Honeywell International (NYSE:HON) gave its annual investor conference on Wednesday and updated investors on its 2017 outlook. In a nutshell, there was no change to the guidance given on its first quarter. That said, there is a case for believing that management is being a little conservative with its 2017 guidance, and at the conference management described the oil & gas and defense sectors -- previously problematic for Honeywell -- as improving. On a less positive note, the business-jet market still looks weak, with Honeywell predicting a recovery only toward the end of 2018.

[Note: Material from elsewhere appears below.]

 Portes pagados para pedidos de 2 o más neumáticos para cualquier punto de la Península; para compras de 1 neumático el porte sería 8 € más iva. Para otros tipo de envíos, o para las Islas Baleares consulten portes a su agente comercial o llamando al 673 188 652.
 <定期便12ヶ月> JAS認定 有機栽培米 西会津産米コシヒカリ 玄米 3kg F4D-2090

No matter, investing isn't just about the numbers. It's also about the people that make the numbers, and a key focus of the event was getting investors used to incoming CEO Darius Adamczyk. His address highlighted four key areas of focus:
- Accelerating organic growth
- Expanding margins via productivity rigor
- Becoming a software-industrial company
- More aggressive capital deployment
In a sense, there's nothing new about the first three points. Honeywell's forecast for 1% to 3% organic growth in 2017 comes after a year when core organic sales unexpectedly declined 1%. Clearly, investors would like to see more growth, and the pressure is on Adamczyk to deliver. Margin expansion has always been a key part of Honeywell's modus operandi, and its connected enterprise initiatives are part and parcel of being an industrial company these days.

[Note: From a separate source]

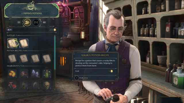 In Hogwarts Legacy, you can get the Edurus Potion by purchasing it from Parry Pippin at the J. Pippin’s Potion shop in Hogsmeade. Each unit costs 300 Gold.

However, what really caught the eye was the plan to be more aggressive with capital deployment in the next few years, particularly if President Trump's tax reform proves favorable for investment. The plan includes a more aggressive stance with regard to:
- Share repurchases
- Mergers and acquisitions
- Capital expenditures
- A dividend "that grows at or above our EPS growth rate"

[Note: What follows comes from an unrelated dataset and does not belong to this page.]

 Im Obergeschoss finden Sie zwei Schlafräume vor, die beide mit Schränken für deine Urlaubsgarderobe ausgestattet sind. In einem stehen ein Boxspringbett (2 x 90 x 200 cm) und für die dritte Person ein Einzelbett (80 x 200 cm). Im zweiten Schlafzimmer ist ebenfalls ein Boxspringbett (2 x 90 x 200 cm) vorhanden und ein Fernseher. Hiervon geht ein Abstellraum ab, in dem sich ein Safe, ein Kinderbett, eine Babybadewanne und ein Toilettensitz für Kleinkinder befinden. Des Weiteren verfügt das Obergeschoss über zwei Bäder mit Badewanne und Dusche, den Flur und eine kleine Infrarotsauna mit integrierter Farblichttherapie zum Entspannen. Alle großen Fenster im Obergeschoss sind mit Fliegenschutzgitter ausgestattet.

Does it matter to the investment thesis?
Focusing on the more aggressive capital deployment plans, the truth is that Adamczyk's plans are pretty much to be expected, but it's good to hear them confirmed. He's inheriting a company set to increase free cash flow generation in future years, and as the new man in charge, it's natural that he would want to stamp his mark on the company by making acquisitions and divestitures.